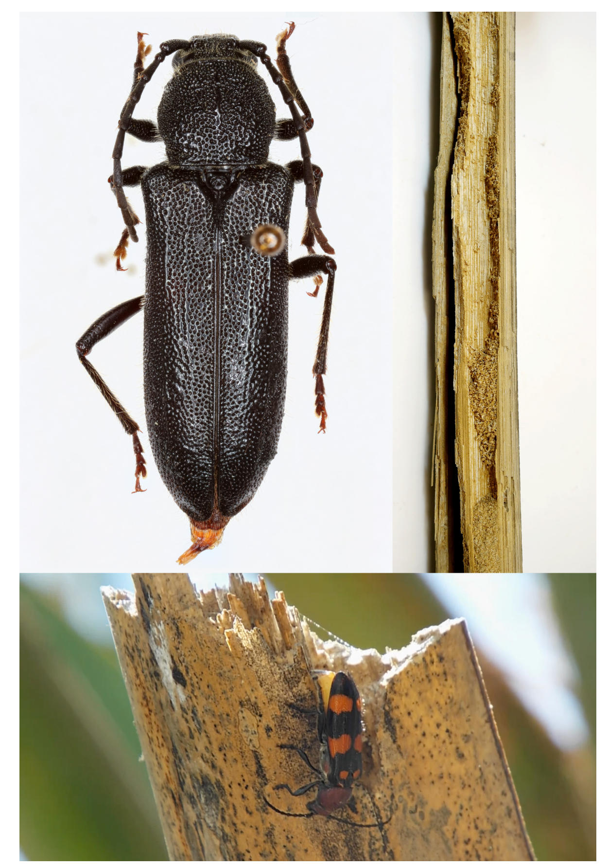
FIGURES 9–11. 9. Zagymnus clerinus (rare black form), female. 10. Larval workings of Agallissus lepturoides in petiole. 11. Zagymnus clerinus ovipositing.
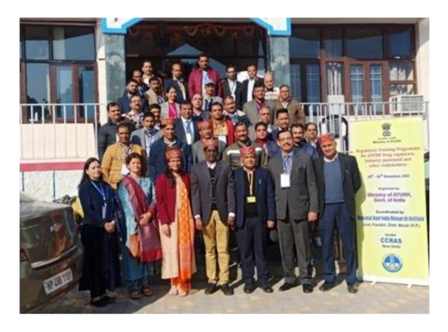
Glimpse of participants of the two days Regulatory training program for Ayush Drug regulators, Industry personnel, & other stakeholders held during 25-26 November, 2021 co-organized by RARI, Mandi

Two days Regulatory training program for Ayush Drug regulators, Industry personnel, & other stakeholders was held during 25^{th} - 26^{th} November, 2021 co-organized by RARI, Mandi in collaboration with Drug
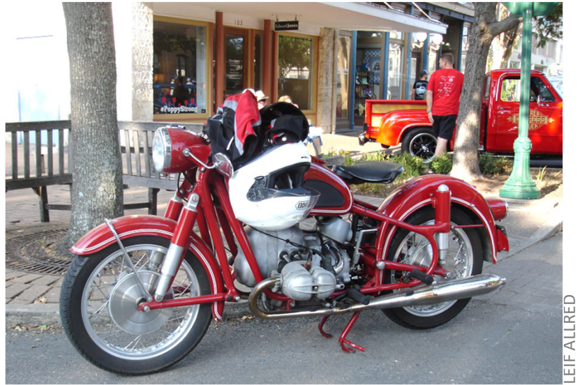
Georgetown, TX – 8/19/2023

— Problem description —
Since only a count is wanted, give the number of lines in the listing that contain the word "Mandi".

— Solution to the exercise —
2